Generic MTP/draft: Qwen3-0.6B-MLX-4bit as draft model failed — tokenizer mismatch (Draft model tokenizer does not match model tokenizer).
mlx-lm server KV bits: mlx_lm.server does not accept --kv-bits; KV quantization can only be tested through mlx_lm.generate or optiq serve.

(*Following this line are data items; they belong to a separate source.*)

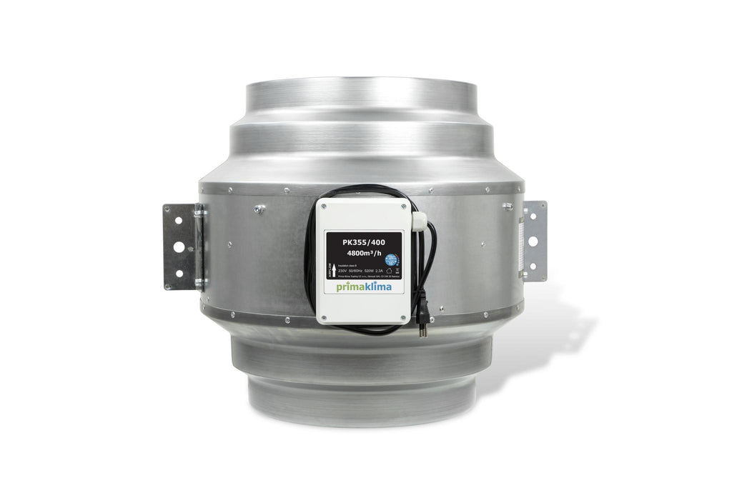 The Prima Klima BLUE LINE PK355/400 is equipped with highly efficient German ZIEHL-ABEGG motor with incredible Airflow of 4800m³/h. BLUE LINE ventilator is built for continuous non-stop operation (more then 80.000 hours at full speed). Fan can operate at low levels of noise (72dB) and surpasses by far the ERP2015 Energy Efficiency Directive. Power and control systems are located in a high quality junction box fully assembled with a Schuko power cable. Pre-installed, robust mounitng brackets allow a perfect positioning in the room.
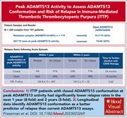 Patients with immune-mediated thrombotic thrombocytopenic purpura (iTTP) respond well to current therapies, but 40% relapse within 5 years. It has been described recently that the molecular configuration of ADAMTS13 in acute iTTP is open and not all patients in remission revert to a closed conformation. Prasannan et al examined the predictive value of continued open conformation in remission by assessing patients at peak ADAMTS13 levels postrecovery. Patients with a closed conformation had a much lower relapse rate at 1 year (9% vs 46%) and 2 years (23% vs 62%). ADAMTS13 conformation identifies patients requiring closer monitoring to optimize preemptive therapy.
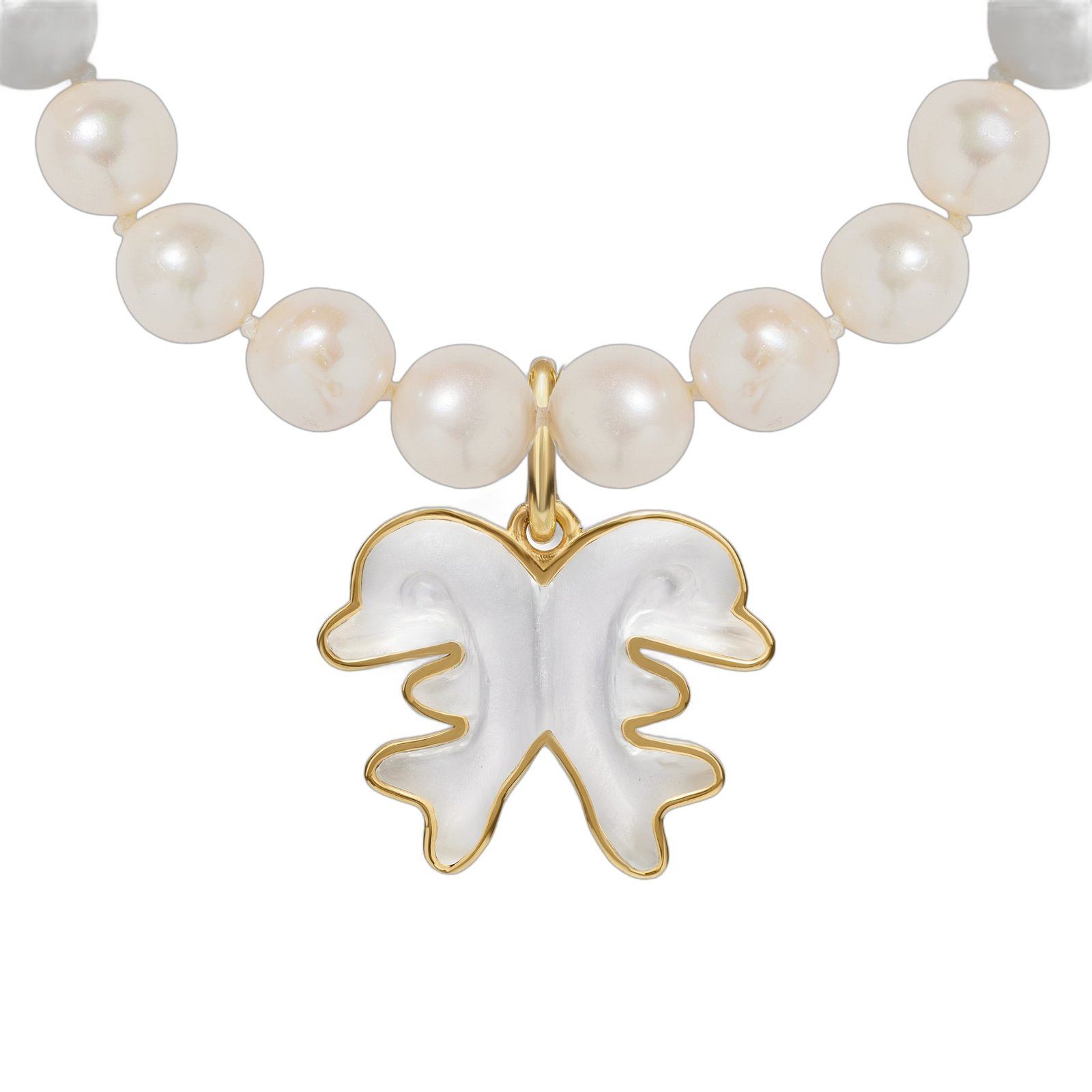 Handmade Pendant in 14K Yellow Gold Plated 925 Sterling Silver with Hand Carved Dolphins in Natural Clear Quartz and Necklace with Natural fresh water Pearls and 14K Gold Plated 925 Sterling Silver Clasp.
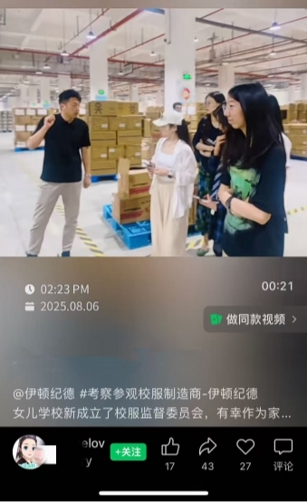 比如上海诺德安达国际学校,在合规招采、综合评价之外,创新性地成立组建校服监督委员会,组织家长、学生代表实地考察校服企业,全方位了解企业综合实力、品牌理念、环保公益和智能生产。校服监督委员会通过视频、照片等形式真实记录、家长群公示,进一步提升家长的知情权和满意度。
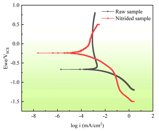 Figure 3 shows the potentiodynamic polarisation curves of the raw and the nitrided samples in SBF. The electrochemical corrosion parameters obtained by Tafel fitting are listed in Table 2. As indicated in Table 2, After Tafel fitting, we get electrochemical parameters such as corrosion current density (icorr), corrosion potential (Ecorr), anodic slope (βa) and cathodic slope (βc) are obtained after Tafel fitting. The corrosion potential of the sample after nitriding increased from −241.00 mV to −665.77 mV and the corrosion current density decreases by two orders of magnitude, which demonstrates that the corrosion resistance of TLM alloy is increased significantly after induction nitriding [29]. As shown in Figure 3, the shapes of the polarisation curves of the two samples are significantly different; indicating that the reaction mechanism is altered by the nitriding process. In the case of the raw sample, the corrosion process involves the spontaneous formation of TiO or Ti2O3, anodic transformation to TiO2, and the corresponding oxide growth [30]. However, the nitrided sample passivation region corresponds to the transformation of the TiN layer into a titanium oxy-nitride passive film, which occurs via oxidation [31]. In summary, the passivation performance of the raw sample in SBF is better than that of the nitrided sample.

oMLX concurrency (High Power)

oMLX 27B-4bit with continuous batching in High Power:

Concurrent requests	Aggregate tok/s	Per-request tok/s
1	17.28	17.31
2	21.87	10.94 / 10.97
4	30.53	7.63–7.69

Concurrency helps aggregate throughput but per-request speed drops. The 35B-A3B MoE scales much better (see main benchmark).

Recommendation

Use case	Best config	High Power speed
Short/medium text-only serving	OptiQ serve fp16 KV	~22 tok/s wall
Ollama-compatible agents	`qwen3.6:27b-coding-nvfp4`	~18–25 eval tok/s (first run peak)
Pi/oMLX integration + concurrency	oMLX `Qwen3.6-27B-4bit`	~13–15 wall tok/s
Long-context agent sessions	No clear winner	2–10 wall tok/s depending on config

The original "no path reaches 15–20 tok/s" conclusion was true for Low Power mode. In High Power, OptiQ serve and Ollama coding NVFP4 both reach the target for short/medium turns. The next real improvement for 27B dense would be authenticated DFlash/speculative decoding, which remains untested due to the gated model.

Context

For the broader benchmark including MoE models (Qwen3.6-35B-A3B, Gemma 4, DeepSeek V4 Flash) and concurrency behavior, see Local LLM inference on an M4 Max 128GB.